Forestry is an expanding profession. The land on which our forests grow covers about one-third of the area of the United States. In both the privately owned and the publicly owned forests is work for foresters. At present, the Government, State and Federal, controls only about one quarter of this land, but gradually it is buying land on which the owners have not been able to make a comfortable living; taking over tracts on which the taxes have not been paid; and in a few instances, receiving land as a gift. More land and larger forests require more men to care for them. Then, too, more and more things are done for the forests in order that more may be expected from them. This intensive forestry requires more foresters to the acre.

The United States Forest Service offers a career in which a man enters at the bottom and works up. But he must be the right man. He must be content without growing rich. The Forest Service offers security but not wealth, and over and above all he must realize that his work is to serve people and that trees are merely the tools to that end.

How can a boy who has the various physical and mental characteristics that are required of a forester prepare himself for his profession?

When he finishes high school he goes not to the woods but to college; for like law, medicine, and engineering, forestry has become one of the learned professions.

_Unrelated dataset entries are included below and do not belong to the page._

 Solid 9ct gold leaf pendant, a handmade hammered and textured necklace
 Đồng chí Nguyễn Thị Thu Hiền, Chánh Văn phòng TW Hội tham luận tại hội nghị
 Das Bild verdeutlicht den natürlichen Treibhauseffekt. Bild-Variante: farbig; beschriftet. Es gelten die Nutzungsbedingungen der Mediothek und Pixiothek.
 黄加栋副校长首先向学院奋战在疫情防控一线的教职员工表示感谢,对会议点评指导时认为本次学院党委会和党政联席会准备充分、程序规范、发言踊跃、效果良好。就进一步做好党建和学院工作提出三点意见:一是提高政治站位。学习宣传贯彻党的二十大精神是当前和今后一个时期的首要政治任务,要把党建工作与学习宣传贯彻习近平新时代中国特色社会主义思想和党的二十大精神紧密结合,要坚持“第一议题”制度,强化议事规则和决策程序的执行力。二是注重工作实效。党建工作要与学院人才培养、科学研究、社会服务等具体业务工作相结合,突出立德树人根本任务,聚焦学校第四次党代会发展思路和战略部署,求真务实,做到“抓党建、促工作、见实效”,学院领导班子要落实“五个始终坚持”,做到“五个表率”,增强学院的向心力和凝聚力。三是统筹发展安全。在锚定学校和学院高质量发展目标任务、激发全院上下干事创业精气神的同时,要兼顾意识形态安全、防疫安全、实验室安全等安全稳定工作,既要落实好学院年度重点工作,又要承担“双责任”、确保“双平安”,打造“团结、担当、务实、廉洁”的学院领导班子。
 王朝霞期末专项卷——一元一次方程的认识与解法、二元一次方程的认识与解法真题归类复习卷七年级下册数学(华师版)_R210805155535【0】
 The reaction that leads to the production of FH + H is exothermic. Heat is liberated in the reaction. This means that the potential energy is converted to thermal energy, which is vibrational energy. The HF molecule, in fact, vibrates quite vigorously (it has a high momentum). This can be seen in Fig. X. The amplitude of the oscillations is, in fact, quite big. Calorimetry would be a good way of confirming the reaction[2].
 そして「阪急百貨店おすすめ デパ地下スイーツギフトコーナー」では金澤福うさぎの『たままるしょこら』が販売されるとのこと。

Suppose him then, equipped with a college sheepskin and a deep interest in human affairs. Now he must learn what progress means in terms of trees, for, through trees, the forester must get his personal expression as well as contribute his individual service to the world. A course in a forestry school is the minimum preparation for this. Here he will study the natural history of trees—how they look, where they grow, how they act, their genealogy, what species are kin to what other species.

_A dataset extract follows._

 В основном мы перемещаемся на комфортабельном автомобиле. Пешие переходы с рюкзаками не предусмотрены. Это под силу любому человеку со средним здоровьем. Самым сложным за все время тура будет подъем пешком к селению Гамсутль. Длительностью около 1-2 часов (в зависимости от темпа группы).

Forester in North Carolina.

Thinning the forest.

He must go on to the physiology of trees. He must know the processes of tree life and under what circumstances trees flourish and why they die. He must understand how much light and growing space a forest tree needs and how much water and how much and what kind of mineral food must be in the soil. He must know what this living machine that pumps up water, that creates out of light and air and water and certain chemical ingredients the root and branch and leaf and fruit without which we human beings could not inhabit the earth, is made of. What are these intricate systems of pipes and conduits, these pockets for storage, these tiny flying buttresses? What is the actual structure of bark and cambium and heartwood? How is this machine put together?

He must learn the dietetics of trees as a trained nurse learns the dietetics of children.

Seeding and planting are important phases of his study. He must understand how seeds germinate; how to plant seedlings in the field; how to encourage the seed trees in the forest to sow their own seeds. All these are part of the art of producing and tending forests in order to reap a perpetual harvest.

The forest is more than just a place to grow trees. It is among other things a cattle range. A forester must learn the principles of cattle feeding in relation to trees. What, and how much of it, does a cow eat? He must learn how to manage such things as the vast livestock ranges of Idaho. These cover great stretches of sagebrush plain which in the winter is bleak and snow-swept but in the spring blossoms into wonderful pastures. In midsummer these ranges become a dry, brown desert under the summer sun, and no grazing must be allowed until they are revived to life under the early rains of autumn. During that midsummer the forester must see to it that the cattle go higher up the mountainsides into the primitive forests where the snow is melting and the summer feed is thick under the great trees; and when winter comes, he must know that the cattle have all been withdrawn from the national-forest range where hunger would make them destroy the growing forest, and sent back to their home ranches for winter food.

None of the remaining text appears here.